1. In a large bowl whip softened butter for a couple minutes until it becomes pale and airy – use your hand or a stand mixer. Add sugar, vanilla extract or sugar and whip for another 5 minutes.

2. Add one egg, sour cream, salt and mix until smooth. Next comes the sifted flour mixed with baking powder – add it gradually, by 3-4 tablespoons at a time, and continue kneading. 

3. You should get a quite soft and non-sticky shortcrust pastry. Separate 2/3 of it, divide into 3 equal portions, round each into a ball, wrap in cling film and set aside in the fridge for 1 hour.

4. Add cocoa powder to the remaining 1/3 of the dough and knead until you get a smooth brown color. Again, round into a ball, wrap in cling film and put in the refrigerator for 40-60 minutes to set. 

5. Back to the chilled vanilla dough – working with one at a time, roll a cold piece into a 2 mm thick layer right onto a sheet of baking parchment. Cut off uneven edges to get a square or rectangle shape. Do not throw away the edges – we will use them later.

6. Now take 1/3 of fruit or berry jam and spread it over the pastry layer evenly. Feel free to use any jam you like – I use sourish apple jam as the cream, and the pastry in this recipe is already quite sweet. The only claim – your jam should be thick so that it does not leak while baking. 

7. Next, sprinkle 1/3 of the nuts (50/50 walnuts and almonds in my case) on top of the layer – chop them slightly before adding. 

8. Finally, take your frozen cocoa pastry piece and grate 1/3 onto a layer using a basic cheese grater. The first layer is ready – now place it on a baking tray and put in the oven at 200°C for 15 minutes.

9. Repeat the whole process with another 2 layers: sandwich and bake the same way. Set them aside to cool completely.

10. As for the remaining pastry edges, piece them together, roll out and bake as well for 7-10 minutes until you get a golden-brown surface. Wait until the layer is cooled and crumple it finely to use for cake’s decoration later on.
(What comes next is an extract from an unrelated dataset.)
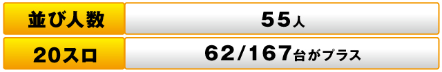 20スロ167台中62台がプラス、トータルの差枚数は+38,410枚を記録した。

11. Now, moving to the cream: in a saucepan mix cornstarch with half of the milk until even free of clumps – the higher fat content milk you use, the richer the taste of the cream. Add sweet condensed milk, the remaining milk and a good pinch of salt – mix again and put on medium heat.

12. Constantly stirring the mixture, cook until it thickens like your basic custard – cover with cling film and set aside to cool completely.

13. Meanwhile, whip heavy cream until you get soft peaks – the traditional recipe calls for using butter at this point, but I’m not the biggest fan of a buttercream base, so usually replace it with whipped heavy cream or mascarpone. 

14. Combine the whipped cream with cooled custard – the cream is ready!

15. All you have to do next is to assemble the cake: generously cover the first layer with the cream, put the second layer on top and repeat with the rest. 

16. Finally, spread the remaining cream over the cake’s edges and sprinkle it with pastry crumbs and chopped nuts.

17. Here is the last and most difficult step – leave the cake in the fridge for at least 5-7 hours, or better, overnight to set and saturate. Then, cut in nice pieces and enjoy “Moscow country nights” with a cup of black coffee – priyatnogo appetita!